Ore image segmentation with linear deformable convolution and dual-domain synergistic dynamic attention

doi:10.11772/j.issn.1001-9081.2025050645

Journal of Computer Applications ›› 2026, Vol. 46 ›› Issue (5): 1692-1702.DOI: 10.11772/j.issn.1001-9081.2025050645

• Frontier and comprehensive applications • Previous Articles

Ore image segmentation with linear deformable convolution and dual-domain synergistic dynamic attention

Jing HU¹, Shikun CHEN¹(), Fang WANG¹, Rui ZHANG¹, Yong WANG²

^1.School of Computer Science and Technology，Taiyuan University of Science and Technology，Taiyuan Shanxi 030024，China
^2.Civil Explosives Engineering Branch of Shanxi Coking Coal Group Company Limited，Taiyuan Shanxi 030300，China

Received:2025-06-12 Revised:2025-08-10 Accepted:2025-09-09 Online:2025-09-25 Published:2026-05-10
Contact: Shikun CHEN
About author:HU Jing， born in 1977， Ph. D.， professor. Her research interests include image processing， deep learning.
WANG Fang， born in 1989， M. S.， lecturer. Her research interests include medical image segmentation.
ZHANG Rui， born in 1987， Ph. D.， associate professor. His research interests include intelligent information processing.
WANG Yong， born in 1984， engineer. His research interests include artificial intelligence， big data mining.
Supported by:
Shanxi Provincial Natural Science Foundation(202203021211189);Enterprise Commissioned Horizontal Project(2021035)
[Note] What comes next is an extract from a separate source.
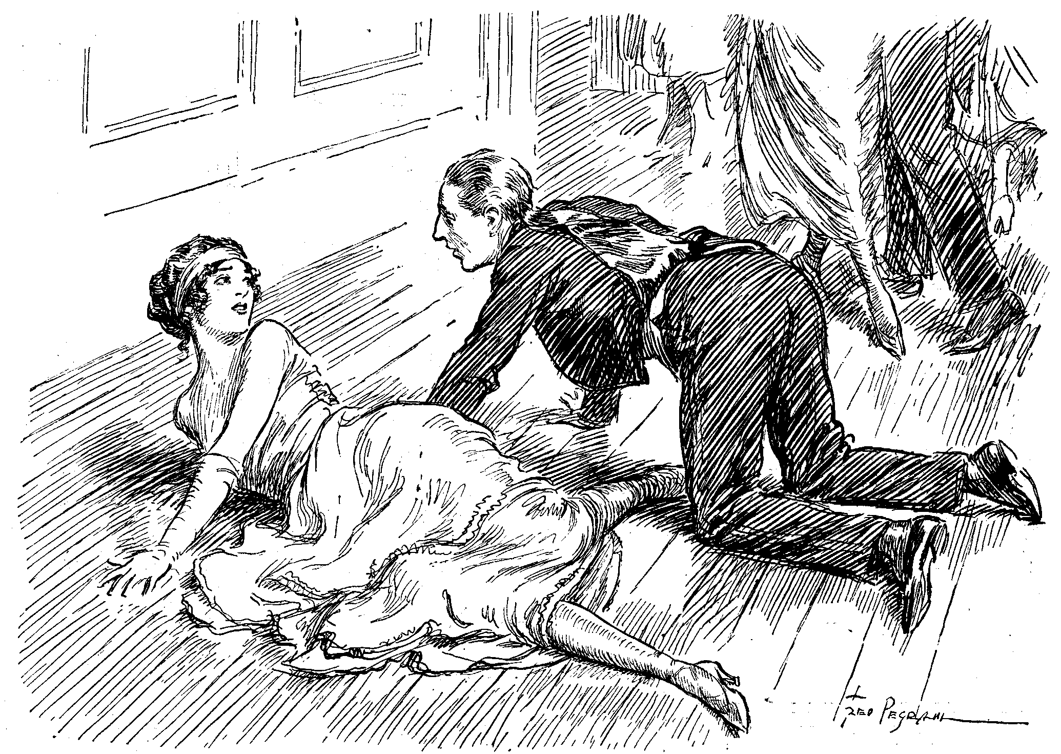 A propos, I popped into the dressing-room of the ever-delightful Miss Frillie Farrington at the Incandescent the other evening and had the joy of seeing her put on that sweet ickle f'ock she wears for the Jazz supper scene in Oh My! All the materials used are three yards of embroidered chiffon, six yards of tinsel fringe and six dozen tinsel tassels; and anything so completely swish and so immensely tra-la-la you simply never!

基于线性可变形卷积与双域协同动态注意力的矿石图像分割

胡静¹, 陈世堃¹(), 王芳¹, 张睿¹, 王勇²

^1.太原科技大学计算机科学与技术学院，太原 030024
^2.山西焦煤民爆集团矿山民爆工程分公司，太原 030300

通讯作者: 陈世堃
作者简介:胡静（1977—），女，山西太原人，教授，博士，CCF高级会员，主要研究方向：图像处理、深度学习
王芳（1989—），女，山西太原人，讲师，硕士，主要研究方向：医学图像分割
张睿（1987—），男，山西太原人，副教授，博士，CCF高级会员，主要研究方向：智能信息处理
王勇（1984—），男，湖北武汉人，工程师，主要研究方向：人工智能、大数据挖掘。
基金资助:
山西省自然科学基金资助项目(202203021211189);山西省自然科学基金资助项目(202403021221142);企业委托横向项目(2021035)

Abstract

Abstract:

In order to solve the problems of blurred boundaries and insufficient accuracy in ore image segmentation caused by complex texture， irregular shape and uneven illumination， a segmentation network with Linear Deformable Convolution （LDConv） and dual-domain synergistic dynamic attention was proposed， namely LDDA-Net （Linear Deformable Dual-domain Attention Network）. LDDA-Net adopted an encoder-decoder architecture. In the serial dual-feature encoder， an adaptive sampling point distribution was constructed through LDConv to flexibly fit the irregular shapes of the ore， and effectively control the computational overhead with its linear characteristics. Secondly， a Dynamic Attention Modulation （DAM） module was designed for spatial domain features， which realized dynamic focusing and reinforcement of the key information in the feature map and the ore edge through pooling sampling， learnable attention matrix and boundary-sensitive weight allocation mechanism. Finally， a new Dynamic Progressive Attention Guided Loss function （DPAG Loss） was proposed， which guided the model to focus on hard-to-divide areas such as fuzzy boundaries and small-sized ore particles during the training process by dynamically generating attention maps in multiple stages， and a space-loss dual-domain synergy was formed by DPAG Loss and DAM module， creating a feedback closed-loop mechanism of feature perception and learning strategies. Experimental results on the self-built open-pit ore dataset （OpenPitOre dataset） and the public ore dataset （Ore dataset） showed that LDDA-Net achieved a HD95 boundary error of only 16.84 mm， which is 11.37% lower than that of the suboptimal model VM-Unet； it attained the Dice coefficient as high as 91.54%， the mIoU and PA of 85.13% and 94.10%， respectively， significantly outperforming comparative segmentation models. LDDA-Net achieves high-precision and refined segmentation in complex scenarios， providing reliable technical support for intelligent detection and fragmentation analysis of ore in open-pit blasting.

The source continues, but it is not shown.